Reconstruction of typical microtia can take two general approaches: autologous or nonautologous. Nonautologous reconstruction involves placement of a high-density polyethylene implant under the skin. This approach results in excellent results but requires harvest of a flap (commonly temporoparietal fascia flap based off the superficial temporal artery +/- skin grafting in certain cases). Disadvantages include the presence of a foreign body that may become exposed through the temporoparietal fascia flap or graft, susceptibility to infection, and difficulty with salvage in case of complications. The second approach more commonly used involves the use of autologous tissue (rib cartilage) to shape an ear framework, which is then buried in a subcutaneous pocket. The meticulous shaping of the framework, creation of a thin skin pocket, and use of drains allow the skin to contour around the intricate framework. The procedure requires multiple stages but results in a reconstructed ear that has good form and is capable of responding to trauma and infection like other parts of the body. The disadvantage is the need to harvest cartilage from the multiple ribs.

Craniofacial Microsomia

Craniofacial microsomia, also known as hemifacial microsomia, is a constellation of abnormalities involving deficient development of parts of the face related to the first and second branchial arches. Deformity can be unilateral or bilateral and can involve the orbit, mandible, external ear, facial nerve, and facial soft tissue. Each or all of the structures may be involved and to varying degrees. The cause is unknown but is thought to be related to in utero vascular compromise of the stapedial artery. Treatment of craniofacial microsomia is complex, and the approach has to be tailored for individual patients. Functional problems, such as airway compromise or eye exposure, are treated in childhood; reconstruction of other structural defects is delayed until the patient is almost full-grown. Novel approaches using distraction osteogenesis of the mandible, pioneered by long bone distraction techniques by Ilizarov, have been modified by surgeons such as McCarthy and used to treat and avoid long-term complications in these patients.

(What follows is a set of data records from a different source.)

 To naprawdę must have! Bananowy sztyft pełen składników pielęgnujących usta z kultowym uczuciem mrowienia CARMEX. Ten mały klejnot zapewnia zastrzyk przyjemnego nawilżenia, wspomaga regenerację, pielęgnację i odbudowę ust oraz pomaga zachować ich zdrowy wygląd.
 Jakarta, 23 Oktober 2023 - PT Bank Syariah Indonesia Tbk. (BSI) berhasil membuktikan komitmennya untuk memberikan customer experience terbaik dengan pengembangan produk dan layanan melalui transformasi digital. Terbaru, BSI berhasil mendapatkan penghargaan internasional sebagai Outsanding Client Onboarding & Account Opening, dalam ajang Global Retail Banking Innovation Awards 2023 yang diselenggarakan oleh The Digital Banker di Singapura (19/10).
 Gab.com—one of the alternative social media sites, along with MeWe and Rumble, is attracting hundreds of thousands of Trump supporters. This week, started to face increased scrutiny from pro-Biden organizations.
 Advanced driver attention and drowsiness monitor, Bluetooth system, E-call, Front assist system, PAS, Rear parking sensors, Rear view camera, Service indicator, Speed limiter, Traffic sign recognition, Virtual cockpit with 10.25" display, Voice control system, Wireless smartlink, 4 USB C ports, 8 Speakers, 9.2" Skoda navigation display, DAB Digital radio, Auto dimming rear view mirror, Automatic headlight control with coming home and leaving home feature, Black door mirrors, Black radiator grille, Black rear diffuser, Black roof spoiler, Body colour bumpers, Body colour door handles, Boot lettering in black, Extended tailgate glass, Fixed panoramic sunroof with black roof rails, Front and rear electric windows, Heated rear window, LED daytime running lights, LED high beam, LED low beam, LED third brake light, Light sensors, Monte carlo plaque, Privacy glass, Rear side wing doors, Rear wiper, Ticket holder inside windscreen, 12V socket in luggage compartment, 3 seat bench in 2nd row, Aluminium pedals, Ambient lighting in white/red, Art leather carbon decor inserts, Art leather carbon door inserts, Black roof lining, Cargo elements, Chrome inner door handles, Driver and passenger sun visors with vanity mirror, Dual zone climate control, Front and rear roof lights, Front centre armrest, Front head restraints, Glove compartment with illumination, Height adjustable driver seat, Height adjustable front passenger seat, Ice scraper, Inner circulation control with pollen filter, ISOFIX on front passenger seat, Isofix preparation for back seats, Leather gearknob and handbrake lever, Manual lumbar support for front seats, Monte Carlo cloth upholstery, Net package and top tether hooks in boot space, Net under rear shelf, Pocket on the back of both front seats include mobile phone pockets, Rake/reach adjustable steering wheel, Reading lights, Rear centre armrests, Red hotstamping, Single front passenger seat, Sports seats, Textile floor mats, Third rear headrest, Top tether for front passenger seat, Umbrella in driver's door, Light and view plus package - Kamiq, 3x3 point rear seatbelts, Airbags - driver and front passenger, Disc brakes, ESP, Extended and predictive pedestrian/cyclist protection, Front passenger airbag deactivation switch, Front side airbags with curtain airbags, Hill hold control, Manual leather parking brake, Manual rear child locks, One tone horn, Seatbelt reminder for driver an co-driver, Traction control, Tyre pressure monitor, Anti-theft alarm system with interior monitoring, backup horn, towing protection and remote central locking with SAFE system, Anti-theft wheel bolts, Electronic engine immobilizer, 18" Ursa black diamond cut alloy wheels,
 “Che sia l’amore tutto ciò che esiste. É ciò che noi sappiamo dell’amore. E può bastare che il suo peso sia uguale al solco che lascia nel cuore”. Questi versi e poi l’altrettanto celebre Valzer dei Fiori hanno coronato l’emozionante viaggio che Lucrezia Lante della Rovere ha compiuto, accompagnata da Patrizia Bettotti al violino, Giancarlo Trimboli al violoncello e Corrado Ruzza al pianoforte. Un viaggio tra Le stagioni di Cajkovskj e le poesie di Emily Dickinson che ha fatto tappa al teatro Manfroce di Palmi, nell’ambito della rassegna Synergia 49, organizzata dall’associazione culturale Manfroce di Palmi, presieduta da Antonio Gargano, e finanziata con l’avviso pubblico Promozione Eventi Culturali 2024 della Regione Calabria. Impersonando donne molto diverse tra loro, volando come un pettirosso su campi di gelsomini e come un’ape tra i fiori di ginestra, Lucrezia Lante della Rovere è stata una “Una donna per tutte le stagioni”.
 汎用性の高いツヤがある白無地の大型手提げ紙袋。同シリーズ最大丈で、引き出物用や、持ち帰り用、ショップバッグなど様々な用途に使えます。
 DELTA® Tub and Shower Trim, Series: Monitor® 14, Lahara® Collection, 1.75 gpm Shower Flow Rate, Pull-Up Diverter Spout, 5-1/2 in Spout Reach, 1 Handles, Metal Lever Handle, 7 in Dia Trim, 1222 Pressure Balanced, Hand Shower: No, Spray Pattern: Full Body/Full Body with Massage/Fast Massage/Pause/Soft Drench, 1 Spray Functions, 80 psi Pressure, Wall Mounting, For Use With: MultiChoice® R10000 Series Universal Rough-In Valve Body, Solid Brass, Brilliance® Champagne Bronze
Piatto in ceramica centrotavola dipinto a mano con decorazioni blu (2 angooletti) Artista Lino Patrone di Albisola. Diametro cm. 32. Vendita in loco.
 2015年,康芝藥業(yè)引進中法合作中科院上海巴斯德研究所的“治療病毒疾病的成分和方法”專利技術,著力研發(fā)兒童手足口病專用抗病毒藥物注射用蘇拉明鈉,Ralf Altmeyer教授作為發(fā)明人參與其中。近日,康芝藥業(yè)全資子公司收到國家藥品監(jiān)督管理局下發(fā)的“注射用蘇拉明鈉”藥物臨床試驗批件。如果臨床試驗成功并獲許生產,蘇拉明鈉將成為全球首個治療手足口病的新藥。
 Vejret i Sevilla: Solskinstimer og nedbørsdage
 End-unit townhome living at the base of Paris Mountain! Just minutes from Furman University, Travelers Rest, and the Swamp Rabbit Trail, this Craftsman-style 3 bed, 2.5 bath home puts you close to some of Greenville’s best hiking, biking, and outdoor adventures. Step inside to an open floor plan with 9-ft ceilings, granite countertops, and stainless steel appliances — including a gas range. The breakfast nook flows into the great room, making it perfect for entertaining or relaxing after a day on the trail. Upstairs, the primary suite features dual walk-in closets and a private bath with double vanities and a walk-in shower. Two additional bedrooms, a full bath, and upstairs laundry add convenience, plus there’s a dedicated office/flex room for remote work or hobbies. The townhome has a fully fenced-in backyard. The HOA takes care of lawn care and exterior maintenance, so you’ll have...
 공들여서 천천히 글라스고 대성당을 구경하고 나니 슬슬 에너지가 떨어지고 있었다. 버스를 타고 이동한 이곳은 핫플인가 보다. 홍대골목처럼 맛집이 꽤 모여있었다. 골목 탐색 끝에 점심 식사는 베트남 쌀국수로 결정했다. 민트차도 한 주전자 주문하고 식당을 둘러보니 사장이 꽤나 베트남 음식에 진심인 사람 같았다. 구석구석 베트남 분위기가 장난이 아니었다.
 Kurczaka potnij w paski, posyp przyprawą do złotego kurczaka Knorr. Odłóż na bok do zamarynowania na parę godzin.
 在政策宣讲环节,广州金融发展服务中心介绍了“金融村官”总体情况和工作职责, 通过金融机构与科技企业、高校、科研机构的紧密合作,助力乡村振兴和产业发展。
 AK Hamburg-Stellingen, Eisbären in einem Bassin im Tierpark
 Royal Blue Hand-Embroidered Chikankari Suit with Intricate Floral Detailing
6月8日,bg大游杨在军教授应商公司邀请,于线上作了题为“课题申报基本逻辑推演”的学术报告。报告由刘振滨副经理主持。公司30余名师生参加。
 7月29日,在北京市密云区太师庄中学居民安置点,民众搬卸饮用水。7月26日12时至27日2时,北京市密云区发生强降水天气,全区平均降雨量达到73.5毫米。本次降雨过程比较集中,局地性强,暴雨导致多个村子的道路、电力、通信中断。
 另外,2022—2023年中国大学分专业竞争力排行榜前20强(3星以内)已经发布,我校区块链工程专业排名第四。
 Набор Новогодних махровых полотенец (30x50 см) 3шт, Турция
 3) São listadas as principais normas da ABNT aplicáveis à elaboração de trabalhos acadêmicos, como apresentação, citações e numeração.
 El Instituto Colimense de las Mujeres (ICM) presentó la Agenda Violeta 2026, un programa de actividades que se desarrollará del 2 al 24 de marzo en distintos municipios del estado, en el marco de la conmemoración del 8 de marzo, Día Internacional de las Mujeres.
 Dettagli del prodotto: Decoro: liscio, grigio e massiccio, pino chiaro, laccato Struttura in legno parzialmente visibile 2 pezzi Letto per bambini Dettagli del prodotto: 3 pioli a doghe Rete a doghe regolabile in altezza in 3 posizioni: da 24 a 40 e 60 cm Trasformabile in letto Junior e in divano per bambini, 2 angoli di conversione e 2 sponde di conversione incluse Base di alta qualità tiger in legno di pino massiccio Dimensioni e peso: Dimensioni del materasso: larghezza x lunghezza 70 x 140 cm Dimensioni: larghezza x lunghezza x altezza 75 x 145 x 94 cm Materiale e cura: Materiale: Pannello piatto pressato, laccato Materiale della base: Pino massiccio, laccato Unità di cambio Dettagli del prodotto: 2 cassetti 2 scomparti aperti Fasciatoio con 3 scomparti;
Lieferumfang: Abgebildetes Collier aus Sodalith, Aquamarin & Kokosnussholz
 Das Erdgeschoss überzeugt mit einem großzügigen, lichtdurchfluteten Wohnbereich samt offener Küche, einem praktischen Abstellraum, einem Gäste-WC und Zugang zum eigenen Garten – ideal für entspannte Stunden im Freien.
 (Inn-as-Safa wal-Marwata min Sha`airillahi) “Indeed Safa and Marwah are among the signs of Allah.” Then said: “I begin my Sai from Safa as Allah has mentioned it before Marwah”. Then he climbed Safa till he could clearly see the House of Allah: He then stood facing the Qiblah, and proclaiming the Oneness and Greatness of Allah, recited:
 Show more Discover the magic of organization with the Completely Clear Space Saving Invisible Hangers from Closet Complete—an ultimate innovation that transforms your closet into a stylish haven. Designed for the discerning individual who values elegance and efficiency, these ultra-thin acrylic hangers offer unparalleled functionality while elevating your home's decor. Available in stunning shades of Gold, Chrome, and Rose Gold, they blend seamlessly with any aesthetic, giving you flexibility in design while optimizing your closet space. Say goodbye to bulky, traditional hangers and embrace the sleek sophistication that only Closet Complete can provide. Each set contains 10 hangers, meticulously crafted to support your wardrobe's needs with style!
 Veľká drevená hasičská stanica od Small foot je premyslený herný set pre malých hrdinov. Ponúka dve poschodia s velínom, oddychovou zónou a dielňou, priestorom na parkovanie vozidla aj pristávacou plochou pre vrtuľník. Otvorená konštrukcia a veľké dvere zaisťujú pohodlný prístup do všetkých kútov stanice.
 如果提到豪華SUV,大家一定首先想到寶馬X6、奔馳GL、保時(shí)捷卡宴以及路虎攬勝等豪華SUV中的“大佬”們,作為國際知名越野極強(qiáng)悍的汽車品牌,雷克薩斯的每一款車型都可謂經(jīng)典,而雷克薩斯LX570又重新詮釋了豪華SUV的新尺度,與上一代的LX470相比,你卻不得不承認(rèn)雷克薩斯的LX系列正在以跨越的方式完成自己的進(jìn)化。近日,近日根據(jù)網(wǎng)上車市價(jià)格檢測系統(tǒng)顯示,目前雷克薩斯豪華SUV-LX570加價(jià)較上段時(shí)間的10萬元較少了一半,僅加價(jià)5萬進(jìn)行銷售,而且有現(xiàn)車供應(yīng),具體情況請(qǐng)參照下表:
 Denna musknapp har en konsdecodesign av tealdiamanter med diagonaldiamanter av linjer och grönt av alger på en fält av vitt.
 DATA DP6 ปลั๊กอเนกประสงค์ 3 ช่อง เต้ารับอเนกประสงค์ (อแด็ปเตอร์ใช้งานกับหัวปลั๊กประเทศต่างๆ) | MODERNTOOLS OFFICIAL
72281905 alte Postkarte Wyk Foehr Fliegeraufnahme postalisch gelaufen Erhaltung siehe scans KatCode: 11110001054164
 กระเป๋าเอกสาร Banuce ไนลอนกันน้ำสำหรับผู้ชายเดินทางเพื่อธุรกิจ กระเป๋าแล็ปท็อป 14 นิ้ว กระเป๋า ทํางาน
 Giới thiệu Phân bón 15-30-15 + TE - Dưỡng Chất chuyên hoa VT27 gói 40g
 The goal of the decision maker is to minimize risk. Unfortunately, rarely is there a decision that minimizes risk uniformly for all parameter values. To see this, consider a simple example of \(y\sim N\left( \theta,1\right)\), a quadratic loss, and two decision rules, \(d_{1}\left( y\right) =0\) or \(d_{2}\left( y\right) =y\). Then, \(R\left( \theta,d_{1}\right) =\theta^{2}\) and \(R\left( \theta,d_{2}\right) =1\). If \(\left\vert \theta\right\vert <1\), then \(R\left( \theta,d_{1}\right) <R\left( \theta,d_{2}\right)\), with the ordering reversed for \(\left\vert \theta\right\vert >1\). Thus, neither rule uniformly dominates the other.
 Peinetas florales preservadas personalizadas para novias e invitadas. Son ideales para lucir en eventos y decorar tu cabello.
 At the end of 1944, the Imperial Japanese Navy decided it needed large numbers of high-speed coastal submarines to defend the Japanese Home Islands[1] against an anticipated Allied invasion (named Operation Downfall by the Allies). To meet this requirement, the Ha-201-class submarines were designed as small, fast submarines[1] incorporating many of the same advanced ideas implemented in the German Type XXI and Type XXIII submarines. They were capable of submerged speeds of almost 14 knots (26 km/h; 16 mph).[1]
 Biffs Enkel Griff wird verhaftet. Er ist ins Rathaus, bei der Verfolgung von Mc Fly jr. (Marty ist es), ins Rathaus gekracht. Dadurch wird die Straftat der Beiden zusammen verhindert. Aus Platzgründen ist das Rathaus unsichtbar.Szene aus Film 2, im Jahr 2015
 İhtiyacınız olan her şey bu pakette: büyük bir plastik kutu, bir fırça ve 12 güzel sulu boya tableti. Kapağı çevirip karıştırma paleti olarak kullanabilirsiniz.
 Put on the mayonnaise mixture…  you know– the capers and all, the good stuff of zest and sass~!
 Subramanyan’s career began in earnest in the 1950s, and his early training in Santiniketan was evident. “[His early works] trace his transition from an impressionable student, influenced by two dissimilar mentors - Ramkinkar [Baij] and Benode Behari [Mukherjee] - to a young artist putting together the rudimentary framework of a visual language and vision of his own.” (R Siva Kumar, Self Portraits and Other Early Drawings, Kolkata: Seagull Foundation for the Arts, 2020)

For patients with craniofacial anomalies such as those described as well as for those with cleft lip and palate, the current standard is team care at an established craniofacial center. With referral to a craniofacial center at birth, the craniofacial team can make a diagnosis, carry out genetic testing, educate the family, and outline short-term and long-term plans in a coordinated manner, bringing in multiple specialists (e.g., plastic surgeons, neurosurgeons, oral surgeons, orthodontists, speech pathologists, otolaryngologists, ophthalmologists, social workers, nurse practitioners, developmental psychologists, and pediatricians).

Cleft Lip and Palate

Cleft lip and palate are relatively common congenital anomalies. They may be unilateral or bilateral. Most are isolated anomalies, but many syndromes have clefts as one of the features. The genetics of cleft lip and palate is complex, and the condition is multifactorial. The pathophysiologic mechanism of cleft lip and palate is incompletely understood, but the deformity and its variations are well described. A minimum of three operations, and usually four, will be required to correct the deformity. These are performed at specific times corresponding to the developmental stage of the patient. Commonly the sequence is as follows: cleft lip repair at 3 to 6 months, cleft palate repair before 1 year (or before speech development), and alveolar bone graft when permanent dentition begins and after orthodontic preparation. Future surgeries are reserved for the end of skeletal maturity and include possible septorhinoplasty in the late teenage years, possible lip and nose revisions, and LeFort I maxillary advancement, if indicated. At times during these two stages, secondary procedures for speech improvement are done in almost 5% to 20% of the cases.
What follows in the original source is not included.